Task to complete ::
Below are the records; give the number of lines in them that include the word "этого", and nothing more.

....

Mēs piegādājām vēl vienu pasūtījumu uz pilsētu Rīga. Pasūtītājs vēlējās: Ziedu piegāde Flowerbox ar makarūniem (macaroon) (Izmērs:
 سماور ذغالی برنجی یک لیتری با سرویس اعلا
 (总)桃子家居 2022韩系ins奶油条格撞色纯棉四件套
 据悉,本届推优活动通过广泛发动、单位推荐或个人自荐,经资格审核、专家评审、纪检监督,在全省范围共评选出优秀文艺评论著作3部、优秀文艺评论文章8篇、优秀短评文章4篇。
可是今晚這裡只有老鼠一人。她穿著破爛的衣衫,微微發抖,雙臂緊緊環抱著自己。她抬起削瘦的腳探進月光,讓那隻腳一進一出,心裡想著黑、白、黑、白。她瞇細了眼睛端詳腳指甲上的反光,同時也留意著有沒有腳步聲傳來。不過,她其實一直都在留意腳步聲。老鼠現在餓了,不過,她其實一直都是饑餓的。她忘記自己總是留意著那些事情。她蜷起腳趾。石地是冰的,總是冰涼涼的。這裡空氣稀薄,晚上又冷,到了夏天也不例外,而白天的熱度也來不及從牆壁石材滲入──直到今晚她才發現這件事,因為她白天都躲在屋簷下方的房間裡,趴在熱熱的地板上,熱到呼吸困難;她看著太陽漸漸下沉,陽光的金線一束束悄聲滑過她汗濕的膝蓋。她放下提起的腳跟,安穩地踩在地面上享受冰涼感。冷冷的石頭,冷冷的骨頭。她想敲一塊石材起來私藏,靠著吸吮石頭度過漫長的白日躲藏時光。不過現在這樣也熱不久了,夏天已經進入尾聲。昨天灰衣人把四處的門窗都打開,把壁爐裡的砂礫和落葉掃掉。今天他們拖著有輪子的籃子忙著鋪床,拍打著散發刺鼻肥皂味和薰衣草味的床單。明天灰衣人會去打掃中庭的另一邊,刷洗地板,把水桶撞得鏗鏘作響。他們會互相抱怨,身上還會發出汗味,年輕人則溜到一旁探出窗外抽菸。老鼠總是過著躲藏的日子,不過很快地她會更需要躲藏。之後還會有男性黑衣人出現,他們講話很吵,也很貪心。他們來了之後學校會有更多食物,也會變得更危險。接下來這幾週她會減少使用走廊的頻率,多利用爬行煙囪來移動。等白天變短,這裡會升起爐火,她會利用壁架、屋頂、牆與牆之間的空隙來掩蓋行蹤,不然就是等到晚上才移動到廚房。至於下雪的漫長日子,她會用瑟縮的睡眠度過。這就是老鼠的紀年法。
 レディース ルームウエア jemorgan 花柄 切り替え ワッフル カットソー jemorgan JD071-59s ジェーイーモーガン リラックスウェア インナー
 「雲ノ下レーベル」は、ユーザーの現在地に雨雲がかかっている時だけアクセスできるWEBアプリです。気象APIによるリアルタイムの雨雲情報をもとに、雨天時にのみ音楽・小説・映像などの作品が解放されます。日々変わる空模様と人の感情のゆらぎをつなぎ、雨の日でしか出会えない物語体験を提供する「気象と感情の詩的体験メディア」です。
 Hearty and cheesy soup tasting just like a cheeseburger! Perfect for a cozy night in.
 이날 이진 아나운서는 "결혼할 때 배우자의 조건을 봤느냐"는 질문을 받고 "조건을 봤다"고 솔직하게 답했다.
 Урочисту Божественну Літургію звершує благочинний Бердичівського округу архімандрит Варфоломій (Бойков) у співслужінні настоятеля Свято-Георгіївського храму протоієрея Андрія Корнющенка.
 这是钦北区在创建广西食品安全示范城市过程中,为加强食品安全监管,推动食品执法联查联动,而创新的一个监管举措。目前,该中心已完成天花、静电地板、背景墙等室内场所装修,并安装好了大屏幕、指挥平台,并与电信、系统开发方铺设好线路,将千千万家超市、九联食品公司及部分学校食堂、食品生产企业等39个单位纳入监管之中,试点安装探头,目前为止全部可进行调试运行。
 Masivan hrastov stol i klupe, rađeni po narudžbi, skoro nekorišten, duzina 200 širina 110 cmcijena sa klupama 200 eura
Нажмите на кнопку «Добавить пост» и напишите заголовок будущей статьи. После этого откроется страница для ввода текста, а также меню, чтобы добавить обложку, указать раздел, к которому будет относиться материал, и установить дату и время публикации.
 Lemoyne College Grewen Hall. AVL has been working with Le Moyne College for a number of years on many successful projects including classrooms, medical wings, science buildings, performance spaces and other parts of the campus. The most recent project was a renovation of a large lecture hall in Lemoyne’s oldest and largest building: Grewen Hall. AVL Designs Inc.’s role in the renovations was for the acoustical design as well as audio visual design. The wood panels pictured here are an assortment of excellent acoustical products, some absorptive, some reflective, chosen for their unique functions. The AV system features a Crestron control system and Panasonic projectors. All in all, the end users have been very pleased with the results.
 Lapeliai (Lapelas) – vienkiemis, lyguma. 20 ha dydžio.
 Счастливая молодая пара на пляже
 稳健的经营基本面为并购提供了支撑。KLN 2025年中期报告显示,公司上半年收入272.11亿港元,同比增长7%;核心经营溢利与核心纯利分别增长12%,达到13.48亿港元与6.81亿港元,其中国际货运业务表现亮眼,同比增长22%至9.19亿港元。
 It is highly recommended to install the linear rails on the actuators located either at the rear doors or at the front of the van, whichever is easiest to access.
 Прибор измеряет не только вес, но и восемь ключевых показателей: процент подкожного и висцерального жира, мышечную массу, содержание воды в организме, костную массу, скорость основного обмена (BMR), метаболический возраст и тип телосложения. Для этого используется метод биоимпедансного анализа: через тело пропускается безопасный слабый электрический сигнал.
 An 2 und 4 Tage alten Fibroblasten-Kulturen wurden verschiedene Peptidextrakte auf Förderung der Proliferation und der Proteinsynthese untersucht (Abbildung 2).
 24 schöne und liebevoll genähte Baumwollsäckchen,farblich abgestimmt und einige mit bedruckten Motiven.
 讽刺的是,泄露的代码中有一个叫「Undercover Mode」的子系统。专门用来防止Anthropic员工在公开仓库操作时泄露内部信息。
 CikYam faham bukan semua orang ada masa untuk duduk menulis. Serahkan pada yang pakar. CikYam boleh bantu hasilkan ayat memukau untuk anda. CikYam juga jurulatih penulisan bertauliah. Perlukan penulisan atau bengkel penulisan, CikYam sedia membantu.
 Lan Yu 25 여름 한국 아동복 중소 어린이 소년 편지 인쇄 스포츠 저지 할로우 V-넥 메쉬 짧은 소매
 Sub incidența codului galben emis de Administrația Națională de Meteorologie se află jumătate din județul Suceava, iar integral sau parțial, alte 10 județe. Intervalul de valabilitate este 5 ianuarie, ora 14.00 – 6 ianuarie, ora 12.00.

....

Solution for this problem ::
2